阅读说明：本技术 一种用于人工光合作用的氮化物基器件及其制备方法 (Nitride-based device for artificial photosynthesis and preparation method thereof ) 是由 陈贵锋 刘靳恬 张辉 解新建 于 2021-08-05 设计创作，主要内容包括：本发明公开了一种用于人工光合作用的氮化物基器件及其制备方法。该器件自下而上为蓝宝石衬底,n～(+)-GaN层,AlGaN层,Cu基助催剂保护层。其制备过程如下：首先在蓝宝石衬底上生长n型GaN层,再在n型GaN层上利用分子束外延技术生长AlGaN层,再通过刻蚀方法刻蚀部分AlGaN层,在刻蚀掉的位置上通过蒸镀方法制备欧姆接触,利用掩模版将欧姆接触掩盖,通过旋涂法旋涂Cu基助催剂作为保护层,然后在真空管式炉中300℃下退火30min,自然冷却到室温后取出,获得具有保护层的氮化物器件。本发明的氮化物器件具有较高的吸收系数、良好的耐腐蚀性,可作为一种光阳极材料应于于人工光合作用中,对减少空气中二氧化碳浓度以及能源的开发具有重要意义。(The invention discloses a nitride-based device for artificial photosynthesis and a preparation method thereof. The device is a sapphire substrate from bottom to top, n + -a GaN layer, an AlGaN layer, a Cu-based promoter protective layer. The preparation process comprises the following steps: firstly growing an n-type GaN layer on a sapphire substrate, then growing an AlGaN layer on the n-type GaN layer by using a molecular beam epitaxy technology, etching part of the AlGaN layer by using an etching method, and preparing an ohmic contact at the etched position by using an evaporation methodAnd covering ohmic contact by using a mask, spin-coating a Cu-based promoter serving as a protective layer by using a spin-coating method, annealing for 30min at 300 ℃ in a vacuum tube furnace, naturally cooling to room temperature, and taking out to obtain the nitride device with the protective layer. The nitride device has higher absorption coefficient and good corrosion resistance, can be used as a photoanode material in artificial photosynthesis, and has important significance for reducing the concentration of carbon dioxide in air and developing energy sources.)

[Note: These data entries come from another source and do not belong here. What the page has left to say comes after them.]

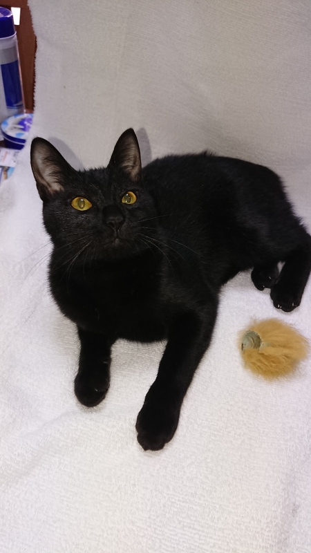 | 特徴(性格など) | 現在生後約8ヶ月です。生後約6ヶ月頃に保護し、2ヶ月経過し、人間にも慣れました。基本おとなしい性格です。足元にやってきて足の甲に頭を乗せてゴロっと寝転がります。ゴハンもよく食べてネズミのおもちゃで走り回って遊んでいます。 | ||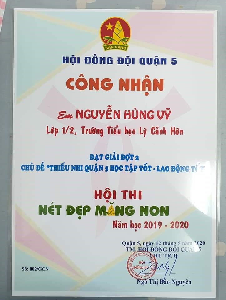 Ngày 01/6/2020, Thầy Võ Minh Thành - Bí thư chi bộ-Hiệu trưởng nhà trường; Cô Châu Thị Nga - GVCN lớp 2/1; Thầy Phó Thế Minh -Tổng phụ trách Đội cùng trao tặng giấy chứng nhận và giải thưởng của Hội đồng Đội Trung ương - Trung tâm hỗ trợ và phát triển Việt Nam - Nhãn hàng Thiên Long tại lớp. Chúc bạn luôn có nhiều phấn đấu trong học tập, tham gia tốt các phong trào và hoạt động Đội, luôn sáng tạo và tự tin, trở thành tấm gương cho các bạn Nhi đồng, Đội viên học sinh noi theo.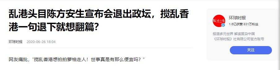 乱港头目陈方安生宣布会退出政坛,搅乱香港一句退下就想翻篇?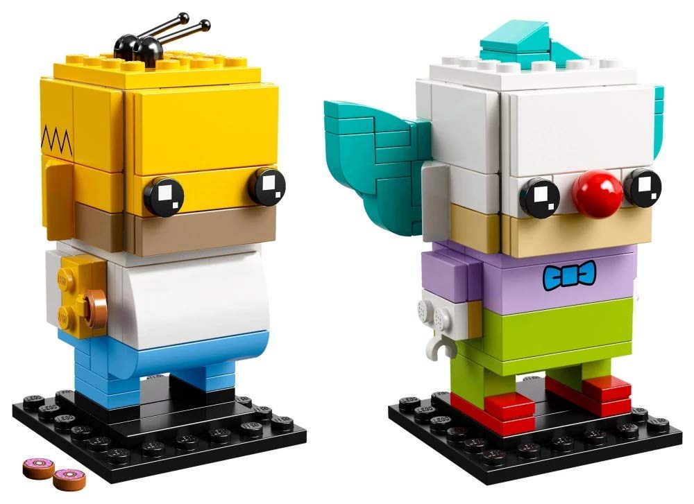 Die baubaren LEGO® BrickHeadz Charaktere Homer Simpson und Krusty der Clown haben bedruckte Augen und die authentischen Details der Figuren aus der Zeichentrickserie The Simpsons: wie Homers Glatze und rosa Lieblings-Donut und Krustys lustiges grünes Haar und seine rote Nase.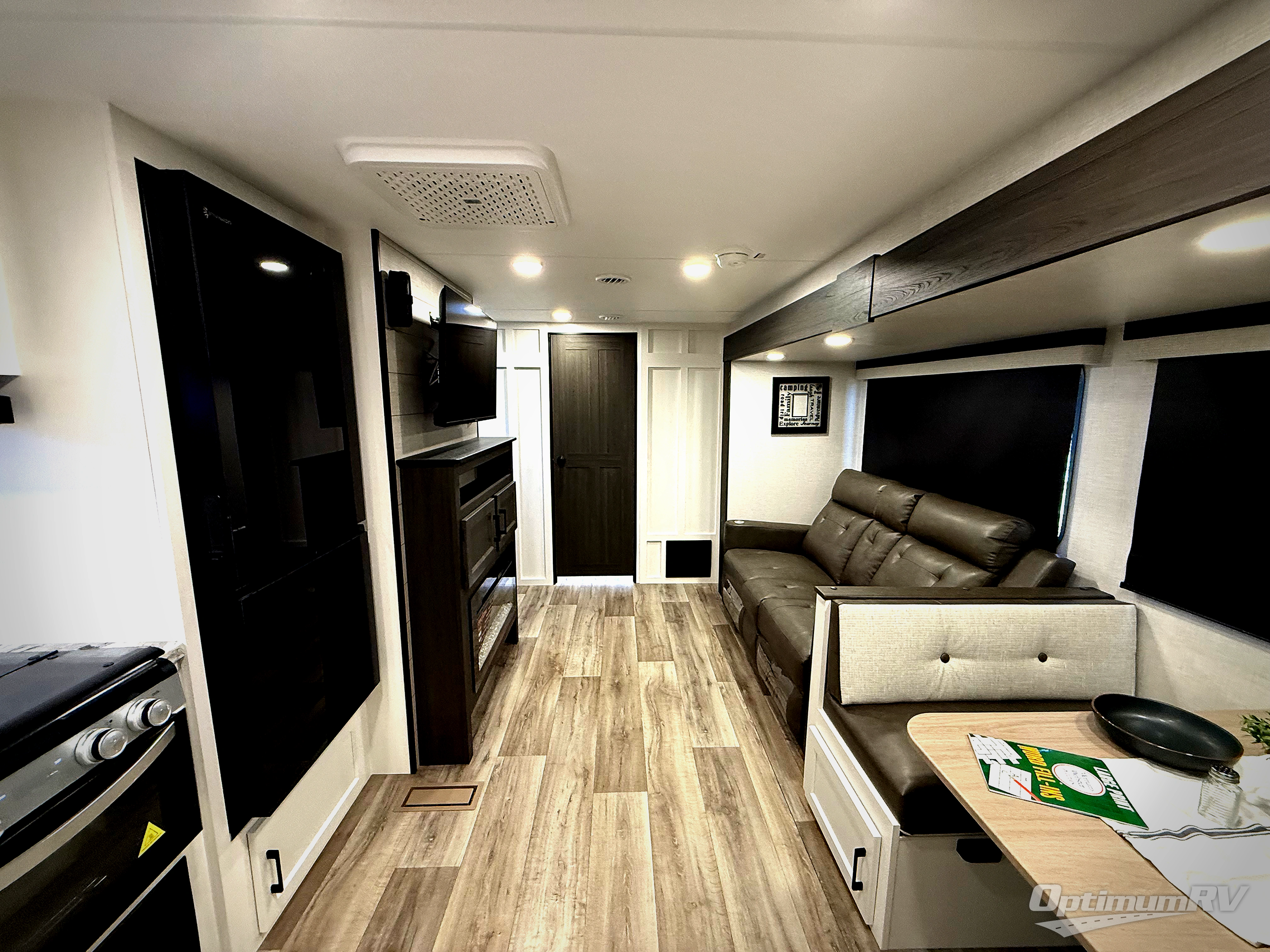 You're going to feel right at home in this Stratus single slide unit! There is not only a fully equipped kitchen with a three burner cooktop, but also an outside campfire café with a griddle, refrigerator, sink, and even an exterior 40" TV for your entertainment. As you enter the unit, you will notice to the right a walk-in pantry with coat hooks, and to the left is the full rear bathroom with a 30" x 36" shower, a three door linen closet, and a cabinet prepped to add an optional washer and dryer. If mother nature rains on your parade then relax inside on either the 70" sofa or the sit n' slide table dinette across from the entertainment center.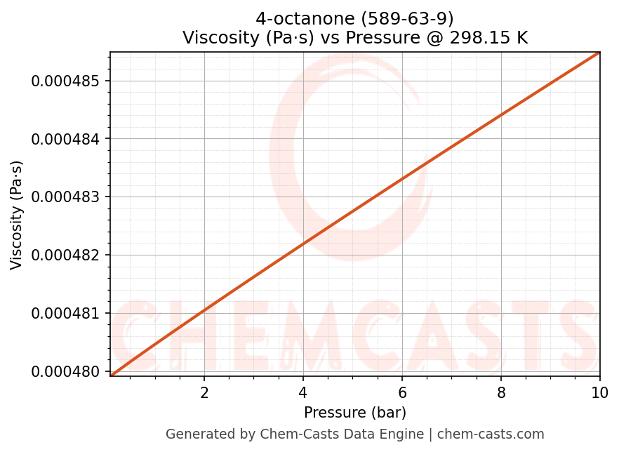 This page presents the pressure-dependent thermodynamic and transport properties of 4-octanone (CAS 589-63-9) calculated at a constant temperature of 298 K (25 °C) over the pressure range 0.10-10 bar.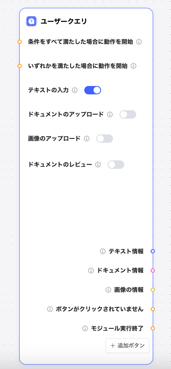 タイプ: 文字列型ユーザーが自由にテキストを入力できる機能です。入力内容は「テキスト情報」ノードを通じシステムに送信されます(デフォルトで有効)。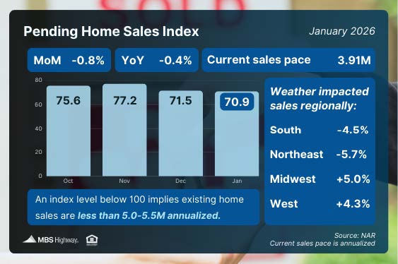 Pending Home Sales, which track signed contracts on existing homes, dipped 0.8% from December to January and were 0.4% lower than a year ago. Winter storms likely slowed activity in the South and Northeast, while the West and Midwest saw gains.

1. A nitride-based device for artificial photosynthesis is characterized in that the device is a sapphire substrate from bottom to top, and n is⁺The aluminum-based catalyst comprises a GaN layer, an AlGaN layer and a Cu-based promoter protective layer, wherein the Cu-based promoter protective layer is formed by dispersing Cu-based promoters on the AlGaN layer in a granular manner.

2. The nitride-based device of claim 1, wherein the Cu-based promoter is: CuI, CuO, Cu₂One or more of O or CuS.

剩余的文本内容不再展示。